MT1-MMP plays a crucial role in promoting the cellular invasion of cancer cells by degrading the extracellular matrix to create a path for migration. During this process, its localization at the leading edge of migrating cells is critical, and it is achieved by targeted transport of MT1-MMP-containing vesicles along microtubules by kinesin superfamily motor proteins (KIFs). Here we identified three KIFs involved in MT1-MMP vesicle transport: KIF3A, KIF13A, and KIF9. Knockdown of KIF3A and KIF13A effectively inhibited MT1-MMP-dependent collagen degradation and invasion, while knockdown of KIF9 increased collagen degradation and invasion. Our data suggest that KIF3A/KIF13A dependent MT1-MMP vesicles transport takes over upon KIF9 knockdown. Live-cell imaging analyses have indicated that KIF3A and KIF13A coordinate to transport the same MT1-MMP-containing vesicles from the trans-Golgi to the endosomes, and KIF13A alone transports the vesicle from the endosome to the plasma membrane. Taken together, we have identified a unique interplay between three KIFs to regulate leading edge localization of MT1-MMP and MT1-MMP-dependent cancer cell invasion.
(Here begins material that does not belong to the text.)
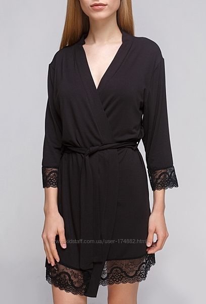 Подробное описание: Serenade 5500 Чорний халат віскоза з мереживом

MT1-MMP通过降解细胞外基质创造迁移路径，在促进癌细胞的细胞侵袭方面发挥着至关重要的作用。在这个过程中，它在迁移细胞前沿的定位是至关重要的，它是通过驱动蛋白超家族运动蛋白 (KIF) 沿着微管靶向运输含有 MT1-MMP 的囊泡来实现的。在这里，我们确定了三个参与 MT1-MMP 囊泡运输的 KIF：KIF3A、KIF13A 和 KIF9。KIF3A 和 KIF13A 的敲低有效地抑制了 MT1-MMP 依赖的胶原蛋白降解和侵袭，而 KIF9 的敲低增加了胶原蛋白的降解和侵袭。我们的数据表明，KIF3A/KIF13A 依赖的 MT1-MMP 囊泡转运接管了 KIF9 的敲除。反式高尔基体到内体，仅 KIF13A 将囊泡从内体运输到质膜。总之，我们已经确定了三种 KIF 之间的独特相互作用，以调节 MT1-MMP 的前沿定位和 MT1-MMP 依赖性癌细胞侵袭。